It is important to note that in the influential work by Ji et al. (1), the authors also consider joint reconstruction of MRI images. However their dataset consists of five different slices taken from the same scan, so the motivation for their MRI work is different from what we present here. Even though the multislice images have considerable similarity from one slice to the next, one would expect multi-contrast scans to demonstrate a yet higher correlation of image features and a correspondingly larger benefit in reconstruction fidelity.
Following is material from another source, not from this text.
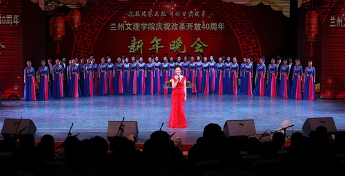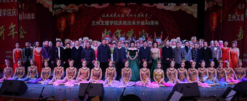 12月28日晚,我校“扎根陇原大地,讲好甘肃故事”——庆祝改革开放40周年新年晚会在实验剧场隆重举行。校领导阎晓辉、郑伟强、普登学、李先锋、李敏骞、王克太、张焱与甘南藏族自治州人民政府副州长石占良一行以及师生代表近500人观看了演出。晚会由党委宣传部主办,兰州文理学院艺术团承办。

Two aspects of the proposed Bayesian reconstruction algorithm demand further attention. First, relative to the other two algorithms we investigated, the Bayesian method is dramatically more time consuming. The reconstruction times can be on the order of hours, which is prohibitive for clinical use as currently implemented. As detailed in the Results section, the proposed algorithm is about 40 times slower than gradient descent, and about 300 times slower than M-FOCUSS for the in vivo data. We expect future implementations and optimizations that utilize specialized scientific computation hardware to overcome this current drawback. Particularly, it is common to observe an order of magnitude speed-up with CUDA (Compute Unified Device Architecture) enabled Graphics Processing Units when the problem under consideration can be adapted to the GPU architecture (17). In a recent work, using CUDA architecture in compressed sensing was reported to yield accelerations up to a factor of 40 (18). We expect that parallelizing matrix operations and FFTs can yield significant performance boost. On the other hand, an algorithmic reformulation can be another source of performance increase. Solving the inference problem via variational Bayesian analysis (19) was seen to yield an order of magnitude speed-up relative to the greedy Bayesian CS method for non-joint image reconstruction.
A second aspect of this reconstruction method that requires further analysis is the potentially detrimental impact of source data that are not perfectly spatially aligned. To maximize the information sharing among the inversion tasks, it is crucial to register the multi-contrast scans before applying the joint reconstruction. To minimize the adverse consequences of such misalignment, future implementations might deploy either real-time navigators (e.g. (20)) or retrospective spatial registration among datasets based on preliminary CS reconstructions without the joint constraint. For some acquisitions, subtle, non-rigid spatial misregistration may occur due to eddy-current or B0 inhomogeneity induced distortions. To correct for such higher-order translation effects, several fast and accurate correction methods have been proposed (e.g. (21,22)) and could be applied for correction of undersampled images in joint Bayesian reconstruction. As our preliminary investigation in the Results section demonstrates, joint Bayesian CS algorithm is robust against misregistration effects up to shifts of 2 pixels, and we believe that existing registration techniques can bring us within this modest range. Alternatively, future work aimed at the simultaneous joint reconstruction and spatial alignment might pose an interesting and challenging research project in this area, which might be accomplished by introducing additional hidden variables.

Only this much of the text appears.